Considering that track record, do you really have any room to kick sand in the face of people who may fail, but at least aren't pre-emptive tools of empire builders?
Posted by: ted at July 24, 2006 07:13 PMYes, and we really screwed up that whole Japan/Germany stabilizing thing too, and made a complete hash of that freeing hundreds of millions from Communism thing...
Ted, your list is a mish-mash of disimilar situations... We cut and ran in Somalia (adding to the 'paper tiger' label that encouraged UBL to up the ante)... People like John 'Reporting For Duty' Kerry said our withdrawal from Vietnam and Cambodia would only affect a few thousand people. Fair or not our withdrawal from Vietnam is what gives our enemies the idea that if they simply hang in there long enough, maintain a low level insurgency and inflict minimal but steady casualties sooner or later the US press and public will pressure the government to quit. Every time we do this it increases the difficulty of winning the next time.
Somalia, Lebanon and Iraq (and India and Iran and Afghanistan and Indonesia and and and ) are all pitch battles in the same overarching war, a war that is far from over and in which victory is the only result that would allow our values and way of life to continue, but in which victory is far from assured. Every day I have less and less faith that we as a nation have the ability to comprehend the stakes and the collective will to win.
Posted by: chriss at July 25, 2006 02:25 AMChriss of course you have "less and less faith that as a nation we have the ability to comprehend the stakes and collective will to win," because, as you said, "a war that is far from over and in which victory is the only result that would allow our values and way of life to continue."
This is a war of ideals and values, so how does the US "win" this war by conventional means?
Posted by: Fulcrum at July 25, 2006 08:58 AMChriss,
Apparently you missed the "in the past 50 years" part of Mitch's post.
My comments were confined to that timeframe.

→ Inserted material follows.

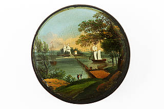 Runde Dose mit einer Landschaft in Schleswig-Holstein. Fährhafen mit Blick über die Trave bei Lübeck. Im Vordergrund Flußufer mit Rasen, Bäumen, Büschen und Personenstaffage. Auf dem Fluß Segelschiffe. Im Hintergrund auf der gegenüberliegenden Seite Fährhäuser.
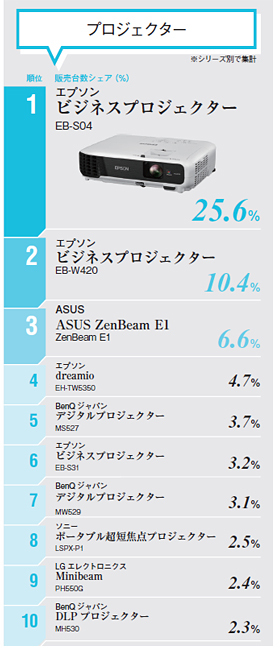 2017年5月のピックアップカテゴリは、「SIMフリースマートフォン」「ノートPC」「4Kテレビ」「アクションカメラ」「プロジェクター」「ホームシアターシステム」の6つ。「プロジェクター」の1位・2位は、エプソンのビジネスプロジェクター「EB-S04」「EB-W420」、3位はASUSの極小プロジェクター「ASUS ZenBeam E1」でした。

That said, considering the state of mind of the nation during WWII was far more egalitarian, far more dedicated to bringing a lasting peace of equity and development of economies in Japan and Germany based on self-employment, than the current model of dominance and exploitation through the contractor based privatization of the Iraqi economy. The contrast between this and WWII are stark, the comparisons weak. We are inflicting an undesired unity government on the Iraqis. In Japan and Germany they desired to move away from militarism that had destroyed the infrastructure of the countries and lead to millions of deaths. In Germany, virtually an entire male generation had been wiped out. It is a sham to compare that to a country where they had a functioning economy which is now wrecked, where you have enourmous divisions among the population, and where we are seen as anything but liberators.
Whether Vietnam worked, and using it to take a shot at Kerry is an irrelevant sidebar that only serves to make the point, is not a question. Clearly it didn't. The point was that the UN is doing no worse than we are, over the past 50 years.
Fulcrum's point is dead on, how do you win a war by conventional means against mostly civilian- based opposition which believes you are oppressing it, whether that opposition is Vietnamese, Lebanese or Iraqi? Would you recommend nuclear war? How long should we have been willing to absorb casualties in Vietnam to implement a government not of the people's choosing, a style not of the people's choosing? We make the same mistake in Iraq, and Mitch's defense is, "We're better than the UN." Hardly justification, and hardly praise, and hardly true.
What will victory in Iraq be? How will you get there?